I was trying to solve this tricky question, but for some reason my code is doing something wrong... I don't exactly know why, but I'll try to explain as much as I can.

Consecutive products: Write a program that reads a positive integer from standard input and verifies if it's equal to the product of three natural and consecutive numbers. For example, the number 120 is equal to 4x5x6, as for number 90 there aren't any three consecutive natural numbers whose product is 90. Your program should generate as output 'S' if there are 3 consecutive natural numbers whose product is the value read, or 'N' if none.

Input

120

Expected Output

"S"


Input

60

Expected Output

"S"


Input

80

Expected Output

"N"


Input

120

Expected Output

"S"

And this is my code:

 #include <stdio.h>
int main(){
    int int1,i,count=10,j,k,w=0;
    scanf("%i",&int1);
    for (i = 1; i <= count; ++i)
    {
        for (j = 1; j <= count+1; ++j)
        {
            for ( k = 1; k <= count+2; ++k)
            {
                if ((i==j+1 && i==k+2) && (i*j*k==int1)){
                    w=1;
                }
            }
        }
    }
    if (w==0)
    {
        printf("N");
    }
    else{
        printf("S");
    }
}

So basically what this does is I have 3 loops that will generate random numbers in a k*i*j form... and it checks if we are getting what we want(the product of three natural and consecutive numbers) . This is for an assignment.

Answer 1

You don't need 3 loops. One trival approach would be:

int test(int num)
{
    for (int i = 1; i < num; i++)
    {
        int product = i * (i + 1) * (i + 2);
        if ( product == num )
            return true;
        else if (product > num)
            break;
    }
    return false;
}

Answer 2

I modified your code. Please let me know if the problem still exists. The change made is exactly as WDS said.

#include <stdio.h>
int main(){
int int1,i,count=10,j,k,w=0,comp;
scanf("%i",&int1);
for (i = 1; i <= count; ++i)
{
    comp = i*(i+1)*(i+2);
    if(comp==int1)
    {
        w = 1;
    }
}
if (w==0)
{
    printf("N");
}
else
{
    printf("S");
}
return 0;
}

Answer 3

You might want to add the algorithm tag on this question. That said, my approach would be to consider what the product of 3 consecutive numbers is. You could write it as x * (x+1) * (x+2). But there is a better way.

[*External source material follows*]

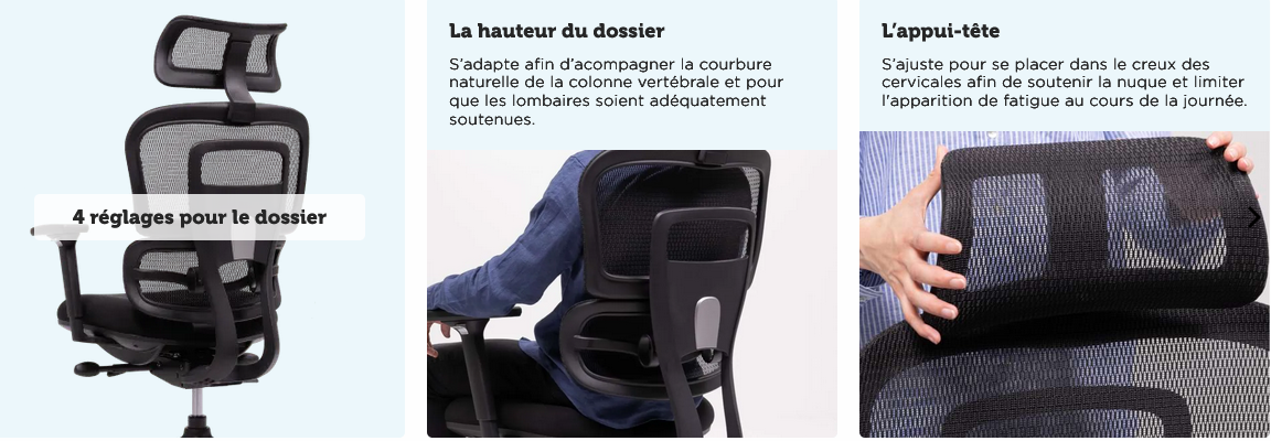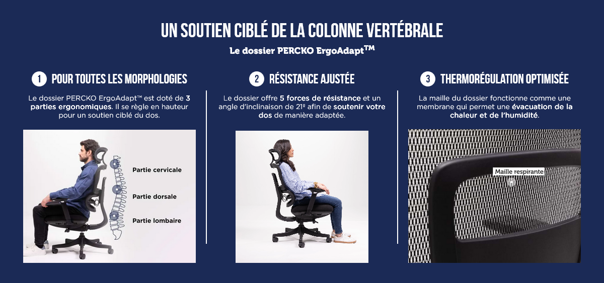 - Soutien votre dos de manière ciblée et sans surpression grâce à son dossier composé en trois sections pour vos lombaires, vos dorsales et vos cervicales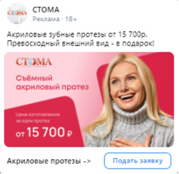 При запуске таргетированной рекламы для стоматологических клиник рекомендуем использовать креативы с изображением рекламируемой процедуры (услуги). Это помогает повысить конверсию в заявку.

Write it as (x-1) * x * (x+1). Then multiply and simplify. The result is x^3-x.

Now for any given number, start a single loop on x from x = 2 (because if x=1 then x-1=0 and this will never be a solution) and incrementing by 1 each loop. Check on each loop for a match with the input number. If it is a match, return true. If it is not a match and exceeds the input number return false. If it is not a match and is less than the input number, loop again.